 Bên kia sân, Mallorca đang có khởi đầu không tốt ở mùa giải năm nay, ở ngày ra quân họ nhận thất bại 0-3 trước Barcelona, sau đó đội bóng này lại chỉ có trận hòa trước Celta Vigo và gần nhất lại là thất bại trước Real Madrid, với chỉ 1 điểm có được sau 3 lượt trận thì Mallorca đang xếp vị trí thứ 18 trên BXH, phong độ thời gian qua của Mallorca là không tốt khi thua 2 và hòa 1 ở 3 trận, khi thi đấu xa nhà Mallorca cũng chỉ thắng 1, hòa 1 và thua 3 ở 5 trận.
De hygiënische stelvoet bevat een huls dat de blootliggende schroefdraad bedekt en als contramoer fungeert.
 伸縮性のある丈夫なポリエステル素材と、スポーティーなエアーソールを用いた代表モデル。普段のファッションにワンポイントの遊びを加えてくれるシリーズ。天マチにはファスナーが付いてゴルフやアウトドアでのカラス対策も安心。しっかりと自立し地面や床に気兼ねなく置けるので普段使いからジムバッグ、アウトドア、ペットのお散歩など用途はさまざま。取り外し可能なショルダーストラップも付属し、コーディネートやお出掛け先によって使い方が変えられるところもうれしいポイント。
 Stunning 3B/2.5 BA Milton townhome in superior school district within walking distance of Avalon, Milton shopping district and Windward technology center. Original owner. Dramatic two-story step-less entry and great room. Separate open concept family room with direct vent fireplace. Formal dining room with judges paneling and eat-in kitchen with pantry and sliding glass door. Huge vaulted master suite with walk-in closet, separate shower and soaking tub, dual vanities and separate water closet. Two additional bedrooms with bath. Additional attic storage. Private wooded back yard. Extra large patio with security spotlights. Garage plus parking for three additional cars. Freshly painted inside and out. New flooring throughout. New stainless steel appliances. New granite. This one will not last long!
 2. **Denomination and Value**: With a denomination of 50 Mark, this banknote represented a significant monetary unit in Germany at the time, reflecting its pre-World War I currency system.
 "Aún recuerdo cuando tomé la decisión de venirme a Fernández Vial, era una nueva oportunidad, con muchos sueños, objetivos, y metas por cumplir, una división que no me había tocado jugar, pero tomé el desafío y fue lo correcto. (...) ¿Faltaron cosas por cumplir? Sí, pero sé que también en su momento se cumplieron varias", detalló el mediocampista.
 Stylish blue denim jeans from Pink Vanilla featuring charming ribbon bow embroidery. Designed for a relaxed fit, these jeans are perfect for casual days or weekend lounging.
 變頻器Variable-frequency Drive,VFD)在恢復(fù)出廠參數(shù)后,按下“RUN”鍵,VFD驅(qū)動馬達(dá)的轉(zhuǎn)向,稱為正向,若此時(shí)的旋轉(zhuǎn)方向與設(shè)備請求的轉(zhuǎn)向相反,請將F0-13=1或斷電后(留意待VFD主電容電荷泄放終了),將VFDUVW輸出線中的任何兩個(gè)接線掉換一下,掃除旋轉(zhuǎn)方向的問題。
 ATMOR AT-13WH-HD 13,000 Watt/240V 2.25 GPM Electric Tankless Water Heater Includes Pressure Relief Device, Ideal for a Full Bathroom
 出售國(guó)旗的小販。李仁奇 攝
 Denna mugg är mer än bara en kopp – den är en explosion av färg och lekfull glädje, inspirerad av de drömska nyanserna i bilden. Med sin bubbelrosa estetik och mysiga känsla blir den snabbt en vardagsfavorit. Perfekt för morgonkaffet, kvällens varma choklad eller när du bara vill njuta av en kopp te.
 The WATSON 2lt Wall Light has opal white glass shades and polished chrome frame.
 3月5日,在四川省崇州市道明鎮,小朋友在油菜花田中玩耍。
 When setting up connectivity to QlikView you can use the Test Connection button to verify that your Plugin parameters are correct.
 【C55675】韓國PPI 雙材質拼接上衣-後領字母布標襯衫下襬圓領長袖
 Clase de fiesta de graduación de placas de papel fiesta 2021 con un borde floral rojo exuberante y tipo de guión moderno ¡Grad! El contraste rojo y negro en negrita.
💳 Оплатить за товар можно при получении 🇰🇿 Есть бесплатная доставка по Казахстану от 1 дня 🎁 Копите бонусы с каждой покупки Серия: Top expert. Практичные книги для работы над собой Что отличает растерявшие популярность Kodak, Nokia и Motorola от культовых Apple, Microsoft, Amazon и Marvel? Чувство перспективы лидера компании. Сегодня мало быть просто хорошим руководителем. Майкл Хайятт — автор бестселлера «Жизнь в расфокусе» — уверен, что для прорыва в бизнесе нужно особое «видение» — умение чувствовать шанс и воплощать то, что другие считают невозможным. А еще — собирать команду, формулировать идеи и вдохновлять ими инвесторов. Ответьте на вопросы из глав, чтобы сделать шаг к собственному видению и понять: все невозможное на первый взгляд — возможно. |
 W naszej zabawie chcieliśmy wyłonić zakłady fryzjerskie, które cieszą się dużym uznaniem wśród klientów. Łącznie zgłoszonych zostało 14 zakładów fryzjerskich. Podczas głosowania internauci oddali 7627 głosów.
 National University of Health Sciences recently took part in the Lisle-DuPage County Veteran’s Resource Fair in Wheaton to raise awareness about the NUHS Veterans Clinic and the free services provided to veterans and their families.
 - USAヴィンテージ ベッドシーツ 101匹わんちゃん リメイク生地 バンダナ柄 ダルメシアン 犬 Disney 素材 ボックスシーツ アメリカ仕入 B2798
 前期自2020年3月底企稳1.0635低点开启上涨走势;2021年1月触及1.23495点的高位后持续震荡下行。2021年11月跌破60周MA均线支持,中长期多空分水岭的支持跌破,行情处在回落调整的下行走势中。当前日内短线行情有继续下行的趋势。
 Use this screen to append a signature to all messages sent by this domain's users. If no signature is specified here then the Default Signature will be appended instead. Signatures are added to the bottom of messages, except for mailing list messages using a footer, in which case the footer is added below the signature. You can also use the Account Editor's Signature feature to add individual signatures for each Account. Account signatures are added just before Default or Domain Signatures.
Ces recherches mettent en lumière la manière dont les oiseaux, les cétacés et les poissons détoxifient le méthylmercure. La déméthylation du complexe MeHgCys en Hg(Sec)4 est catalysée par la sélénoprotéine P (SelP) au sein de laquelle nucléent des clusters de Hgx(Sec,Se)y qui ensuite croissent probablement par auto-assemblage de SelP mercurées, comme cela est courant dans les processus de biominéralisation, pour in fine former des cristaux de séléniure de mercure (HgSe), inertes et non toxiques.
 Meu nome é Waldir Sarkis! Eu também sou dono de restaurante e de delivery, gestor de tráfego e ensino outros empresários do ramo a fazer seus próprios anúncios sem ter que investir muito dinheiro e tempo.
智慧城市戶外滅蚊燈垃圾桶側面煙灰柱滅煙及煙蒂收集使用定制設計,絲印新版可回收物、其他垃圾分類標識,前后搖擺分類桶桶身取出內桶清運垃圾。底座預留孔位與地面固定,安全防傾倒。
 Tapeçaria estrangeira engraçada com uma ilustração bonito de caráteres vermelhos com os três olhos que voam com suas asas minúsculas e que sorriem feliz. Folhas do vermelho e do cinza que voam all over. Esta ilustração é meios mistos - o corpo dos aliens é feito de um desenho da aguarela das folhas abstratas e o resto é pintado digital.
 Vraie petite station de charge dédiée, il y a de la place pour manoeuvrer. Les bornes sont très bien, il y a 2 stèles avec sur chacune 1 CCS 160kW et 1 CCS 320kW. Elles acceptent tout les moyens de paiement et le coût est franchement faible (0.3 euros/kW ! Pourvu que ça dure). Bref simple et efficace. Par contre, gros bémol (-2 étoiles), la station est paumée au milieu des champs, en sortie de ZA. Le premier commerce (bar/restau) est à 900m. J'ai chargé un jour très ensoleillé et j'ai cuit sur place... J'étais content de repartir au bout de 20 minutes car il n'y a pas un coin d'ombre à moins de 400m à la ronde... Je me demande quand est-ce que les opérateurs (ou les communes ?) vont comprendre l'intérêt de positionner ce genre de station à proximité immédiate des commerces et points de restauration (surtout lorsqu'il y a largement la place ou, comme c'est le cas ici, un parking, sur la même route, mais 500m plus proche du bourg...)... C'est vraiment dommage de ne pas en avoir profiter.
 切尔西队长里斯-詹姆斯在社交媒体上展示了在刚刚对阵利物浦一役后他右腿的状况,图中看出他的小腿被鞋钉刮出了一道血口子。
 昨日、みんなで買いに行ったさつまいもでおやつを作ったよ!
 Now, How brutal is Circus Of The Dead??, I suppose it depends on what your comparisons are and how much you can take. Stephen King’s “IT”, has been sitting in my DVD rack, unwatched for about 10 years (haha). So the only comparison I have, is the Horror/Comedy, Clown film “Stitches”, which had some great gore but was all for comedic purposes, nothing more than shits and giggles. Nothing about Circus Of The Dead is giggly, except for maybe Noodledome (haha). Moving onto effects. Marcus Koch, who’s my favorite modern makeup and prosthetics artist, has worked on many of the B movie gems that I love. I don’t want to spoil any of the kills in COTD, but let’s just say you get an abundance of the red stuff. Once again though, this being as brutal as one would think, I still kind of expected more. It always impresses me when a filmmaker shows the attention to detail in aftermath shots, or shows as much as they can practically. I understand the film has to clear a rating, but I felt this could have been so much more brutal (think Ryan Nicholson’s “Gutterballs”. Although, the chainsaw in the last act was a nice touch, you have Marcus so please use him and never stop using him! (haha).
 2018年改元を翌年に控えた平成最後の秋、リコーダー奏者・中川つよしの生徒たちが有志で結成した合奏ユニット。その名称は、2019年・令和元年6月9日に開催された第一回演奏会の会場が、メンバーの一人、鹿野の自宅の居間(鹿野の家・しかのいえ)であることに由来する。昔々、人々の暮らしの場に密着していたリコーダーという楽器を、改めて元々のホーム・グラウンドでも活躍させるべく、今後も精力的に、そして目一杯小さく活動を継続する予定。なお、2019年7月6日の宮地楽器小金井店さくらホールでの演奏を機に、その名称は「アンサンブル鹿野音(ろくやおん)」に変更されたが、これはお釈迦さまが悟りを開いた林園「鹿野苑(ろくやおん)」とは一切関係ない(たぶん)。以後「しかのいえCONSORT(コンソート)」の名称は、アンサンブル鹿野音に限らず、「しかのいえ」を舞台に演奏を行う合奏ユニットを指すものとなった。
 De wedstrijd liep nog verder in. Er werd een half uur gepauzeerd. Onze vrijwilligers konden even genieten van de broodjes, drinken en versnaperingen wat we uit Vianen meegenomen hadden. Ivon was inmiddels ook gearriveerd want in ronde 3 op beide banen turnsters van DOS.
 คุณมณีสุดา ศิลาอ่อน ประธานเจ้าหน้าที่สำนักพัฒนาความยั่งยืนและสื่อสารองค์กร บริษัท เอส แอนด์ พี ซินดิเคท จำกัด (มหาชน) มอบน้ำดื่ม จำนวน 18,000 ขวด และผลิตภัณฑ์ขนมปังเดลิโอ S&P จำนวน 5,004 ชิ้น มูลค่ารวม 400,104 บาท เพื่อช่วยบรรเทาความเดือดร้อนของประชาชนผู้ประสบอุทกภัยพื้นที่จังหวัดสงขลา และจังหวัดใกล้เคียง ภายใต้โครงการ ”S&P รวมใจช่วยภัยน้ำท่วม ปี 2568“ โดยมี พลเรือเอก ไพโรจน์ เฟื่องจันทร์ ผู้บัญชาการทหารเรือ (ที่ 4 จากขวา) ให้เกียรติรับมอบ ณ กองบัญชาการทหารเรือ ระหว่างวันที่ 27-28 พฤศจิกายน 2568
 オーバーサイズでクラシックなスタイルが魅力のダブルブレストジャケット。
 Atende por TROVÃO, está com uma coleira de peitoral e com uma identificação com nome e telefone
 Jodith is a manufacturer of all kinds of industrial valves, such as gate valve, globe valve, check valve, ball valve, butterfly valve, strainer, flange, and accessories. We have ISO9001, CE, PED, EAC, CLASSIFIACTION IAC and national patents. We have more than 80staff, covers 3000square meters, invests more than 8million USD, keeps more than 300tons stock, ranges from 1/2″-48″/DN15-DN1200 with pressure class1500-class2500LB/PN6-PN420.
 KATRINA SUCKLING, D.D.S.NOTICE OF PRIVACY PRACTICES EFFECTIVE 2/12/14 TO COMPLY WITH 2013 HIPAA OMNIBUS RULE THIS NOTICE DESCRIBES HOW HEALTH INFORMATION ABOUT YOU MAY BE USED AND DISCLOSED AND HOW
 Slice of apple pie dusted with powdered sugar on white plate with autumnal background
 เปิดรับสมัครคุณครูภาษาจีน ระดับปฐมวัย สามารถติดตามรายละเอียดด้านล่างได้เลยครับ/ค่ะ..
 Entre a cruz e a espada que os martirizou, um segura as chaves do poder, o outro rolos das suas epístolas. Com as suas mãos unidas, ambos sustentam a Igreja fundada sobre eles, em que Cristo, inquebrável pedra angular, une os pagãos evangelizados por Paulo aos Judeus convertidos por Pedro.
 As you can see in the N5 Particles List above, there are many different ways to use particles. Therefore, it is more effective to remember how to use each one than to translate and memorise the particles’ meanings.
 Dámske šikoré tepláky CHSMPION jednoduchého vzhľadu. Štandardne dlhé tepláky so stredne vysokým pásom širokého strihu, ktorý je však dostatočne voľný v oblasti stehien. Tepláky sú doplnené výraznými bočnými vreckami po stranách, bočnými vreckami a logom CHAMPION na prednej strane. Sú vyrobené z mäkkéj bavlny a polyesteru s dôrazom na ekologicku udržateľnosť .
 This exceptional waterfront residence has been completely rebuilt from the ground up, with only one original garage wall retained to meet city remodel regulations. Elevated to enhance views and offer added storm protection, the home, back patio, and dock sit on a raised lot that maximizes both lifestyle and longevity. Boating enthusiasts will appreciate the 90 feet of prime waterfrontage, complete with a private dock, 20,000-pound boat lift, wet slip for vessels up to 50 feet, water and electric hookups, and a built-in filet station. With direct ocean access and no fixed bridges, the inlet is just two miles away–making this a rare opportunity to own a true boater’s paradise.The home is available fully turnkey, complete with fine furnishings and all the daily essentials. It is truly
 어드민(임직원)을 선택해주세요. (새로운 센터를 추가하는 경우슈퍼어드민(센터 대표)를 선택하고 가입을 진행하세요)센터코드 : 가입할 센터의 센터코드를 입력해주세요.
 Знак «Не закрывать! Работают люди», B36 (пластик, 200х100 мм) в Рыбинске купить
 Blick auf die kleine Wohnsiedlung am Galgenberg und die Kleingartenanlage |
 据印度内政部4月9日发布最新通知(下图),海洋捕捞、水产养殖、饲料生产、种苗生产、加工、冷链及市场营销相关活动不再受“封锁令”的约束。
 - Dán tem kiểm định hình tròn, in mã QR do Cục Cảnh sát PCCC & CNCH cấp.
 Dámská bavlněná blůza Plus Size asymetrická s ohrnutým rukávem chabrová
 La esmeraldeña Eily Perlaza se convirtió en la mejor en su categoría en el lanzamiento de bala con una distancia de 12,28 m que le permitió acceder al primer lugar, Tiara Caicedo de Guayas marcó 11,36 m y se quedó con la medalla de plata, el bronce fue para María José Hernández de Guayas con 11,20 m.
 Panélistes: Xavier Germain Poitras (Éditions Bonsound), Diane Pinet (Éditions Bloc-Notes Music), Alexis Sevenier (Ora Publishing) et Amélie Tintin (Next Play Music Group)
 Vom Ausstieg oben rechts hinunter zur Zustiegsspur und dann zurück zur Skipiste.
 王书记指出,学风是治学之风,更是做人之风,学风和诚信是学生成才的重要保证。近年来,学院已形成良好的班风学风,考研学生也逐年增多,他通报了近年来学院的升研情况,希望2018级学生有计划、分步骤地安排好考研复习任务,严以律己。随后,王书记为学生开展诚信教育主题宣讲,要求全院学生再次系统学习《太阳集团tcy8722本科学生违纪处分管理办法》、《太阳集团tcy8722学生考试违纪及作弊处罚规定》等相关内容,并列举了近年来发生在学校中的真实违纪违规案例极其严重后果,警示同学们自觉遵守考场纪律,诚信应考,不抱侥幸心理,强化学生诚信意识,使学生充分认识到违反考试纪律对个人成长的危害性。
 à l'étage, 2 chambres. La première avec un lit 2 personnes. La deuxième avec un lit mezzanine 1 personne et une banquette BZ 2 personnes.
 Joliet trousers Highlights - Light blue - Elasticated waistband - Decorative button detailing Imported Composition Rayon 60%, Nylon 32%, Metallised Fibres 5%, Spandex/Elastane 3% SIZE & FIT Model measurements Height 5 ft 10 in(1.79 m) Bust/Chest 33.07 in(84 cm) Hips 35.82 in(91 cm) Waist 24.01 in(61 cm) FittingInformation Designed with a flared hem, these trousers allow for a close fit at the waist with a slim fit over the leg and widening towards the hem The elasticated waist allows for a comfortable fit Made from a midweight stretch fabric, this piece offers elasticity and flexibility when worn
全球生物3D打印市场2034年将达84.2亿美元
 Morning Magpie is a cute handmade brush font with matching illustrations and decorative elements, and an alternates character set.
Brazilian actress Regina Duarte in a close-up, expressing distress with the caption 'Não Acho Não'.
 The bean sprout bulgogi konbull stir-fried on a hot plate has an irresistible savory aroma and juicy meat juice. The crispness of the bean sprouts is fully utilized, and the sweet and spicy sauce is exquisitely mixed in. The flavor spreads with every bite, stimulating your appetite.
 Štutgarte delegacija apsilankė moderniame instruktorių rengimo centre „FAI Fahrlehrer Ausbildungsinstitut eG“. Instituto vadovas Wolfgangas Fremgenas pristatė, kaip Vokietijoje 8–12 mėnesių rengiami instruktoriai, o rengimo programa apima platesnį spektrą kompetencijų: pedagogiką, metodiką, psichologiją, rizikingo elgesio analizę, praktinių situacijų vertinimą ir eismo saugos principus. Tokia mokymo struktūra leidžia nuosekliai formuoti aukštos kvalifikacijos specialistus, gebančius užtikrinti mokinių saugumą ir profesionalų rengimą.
____________
**Aim of the task**
The required output is every line above from the one with "Meu nome é Waldir" down to the one with "智慧城市戶外滅蚊燈垃圾桶側面", restated word for word, ends included.

**Reply**
 Meu nome é Waldir Sarkis! Eu também sou dono de restaurante e de delivery, gestor de tráfego e ensino outros empresários do ramo a fazer seus próprios anúncios sem ter que investir muito dinheiro e tempo.
智慧城市戶外滅蚊燈垃圾桶側面煙灰柱滅煙及煙蒂收集使用定制設計,絲印新版可回收物、其他垃圾分類標識,前后搖擺分類桶桶身取出內桶清運垃圾。底座預留孔位與地面固定,安全防傾倒。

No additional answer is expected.